Biyolüminesans

Biyolüminesans Nedir?

Darwin’in Teneferi de de bir gemide, deniz canlılarından görüp elindeki kağıda not aldığı şey aslında biyolüminesans ile ilgiliydi.

Biyolüminesans, canlı bir organizmanın kendi bünyesinde kimyasal reaksiyonlar ile ürettiği ışık olarak bilinir. Aynı zamanda biyolüminesans “soğuk ışık” olarak da adlandırılır, soğuk ışığın yüzde 20’si termal radyasyon üretir.

Biyolüminesan organizmalar sadece deniz canlılarında değil; balık ve bakterilerde de bulunabilir. Ateş böcekleri ve bazı mantarlar dahil olmak üzere bazı biyolüminesan organizmalar karada bulunur.

Tarihte insanlar biyolüminesans organizmaları keşfetmiş ve bu canlıları kullanmışlardır.Örnek vermek gerekirse; madenciler çalıştıkları karanlık ortamları aydınlatabilmek için; ateş böceklerini güvenlik lambası olarak kullanmıştır. Ayrıca, kabileler tarafından ormanlık yolları aydınlatılmak için parlayan mantarlar kullanılmıştır. 

Biyolüminesans savaşlarda bile rol oynamıştır. Birinci Dünya Savaşı’nın son günlerinde İspanya kıyılarında seyreden bir İngiliz gemisindeki gözcüler sudaki biyolüminesansı tetiklemesi sayesinde parlayan Alman denizaltını keşfedip batırmışlardı. Biyolüminans organizmalar sayesinde savaşın seyri değişmiştir.

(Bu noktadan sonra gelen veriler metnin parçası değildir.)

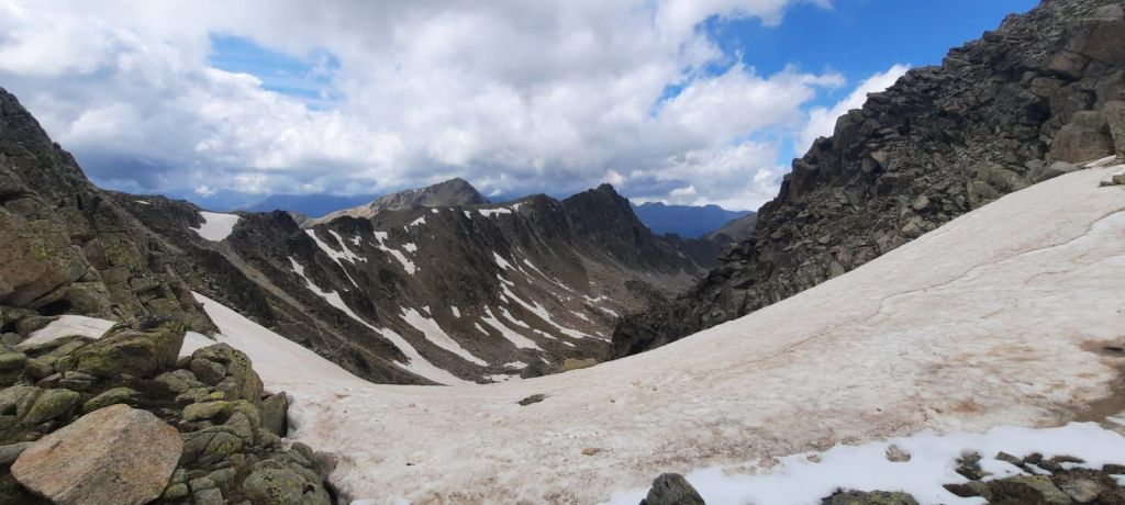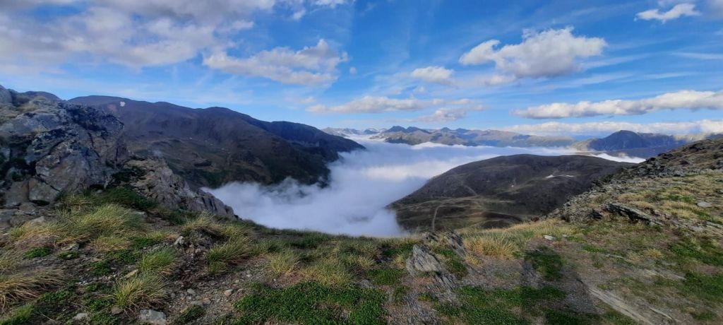 Sorti du pont, sur le papier il me reste une vingtaine de bornes avec une montagne entre 2, sur le papier ouais… Quand j’attaque la bosse je suis entamé physiquement, je décide de la monter sans m’arrêter pour souffrir moins longtemps, pas con le gars 🤓. Arrivé en haut, je passe sur un pierrier en plein vent, je suis pétrifié de froid, mes vêtements ne sont pas à la hauteur de l’engagement, le bonhomme également… Au sommet la trace nous fait passer au bord d’un précipice, je suis à ce moment pris de nausées 🤢 et dans une situation que je qualifierai de délicate, impossible de me poser ici, il faut que j’avance pour me trouver un abri et m’habiller avec tout ce que j’ai dans le sac. Enfin j’arrive à trouver un gros rocher à l’abri, je m’assoie, essaye d’ouvrir mon sac en bloquant mes tremblements tout en luttant pour calmer mes nausées. Je sais que le plus dur est fait et qu’il me reste qu’à descendre vers des températures plus clémentes, j’ai acquis une certaine expérience qui me permet de temporiser et prendre les bonnes décisions. Un coureur me propose son aide, c’est cool comme moment de convivialité. Une fois le pantalon et le manches longues enfilés, je repars vers le dernier ravito, le refuge de Sorteny.

BİYOLÜMİNESANSIN KİMYASAL MEKANİZMASI:

Biyolüminansı açıklamak için temel iki şeyden bahsetmek gerekir:
→ Lüsiferin pigmenti
→ Lüsiferaz enzimi

• Organizmalar, lüsiferini oksitleyerek ışık üretir ve lüsiferaz enzimini tepkime için katalizör olarak kullanır böylece oksilüsiferin oluşur. [şekil 1]
• Bu tepkimenin hücre içinde de hücre dışında da gerçekleşebilir.

Peki lüsiferin nedir?

→ Lüsiferin, ışık yayılımına neden olan maddelerin genel adıdır.
→ Oksijenle lüsiferinin tepkimeye girmesi ile kimyasal enerji ışık enerjisine dönüşür.
→ Biyolüminesans için gerekli olan lüsiferinini bazı canlılar kendileri üretir. Bazı canlılar da besin yoluyla ya da diğer canlılarla ortak yaşam sonucu elde eder.

Bu görselin boş bir alt özelliği var; dosya ismi: biyoluminesans-244x268.png
ŞEKİL 1

Biyolüminesans kosunda en bilinen örnek olan, ateş böceklerinin(1) yaydığı soğuk ışıktır. Ayrıca yaşadığımız ekosistemde ateş böcekleri dışında, Hawaii Kısa Kuyruklu Mürekkep Balığı(2), yalnızca erkek bireyleri ışık üretebilen ve dişilerini bu yolla kendine çeken Ostrakodlar(3), sırtındaki dikiş izine benzeyen hücreleriyle ışık saçan Taraklılar(4) gibi biyolüminesans yapabildiği bilinen canlılara örnek olarak verebiliriz. 

Denizde oluşan hareketlenmeler sonucu, Yakamoz olay olarak bilinen deniz faunasından Noctiluca Scintillans adındaki mikroskobik bir canlı tarafından kaynaklı olduğu kefşedilmiştir. Bu canlının parıltısı yani yakamoz olayı hareketlenmelere karşı verdiği bir çeşit savunma olarak biyolüminesans olayının bir sonucudur.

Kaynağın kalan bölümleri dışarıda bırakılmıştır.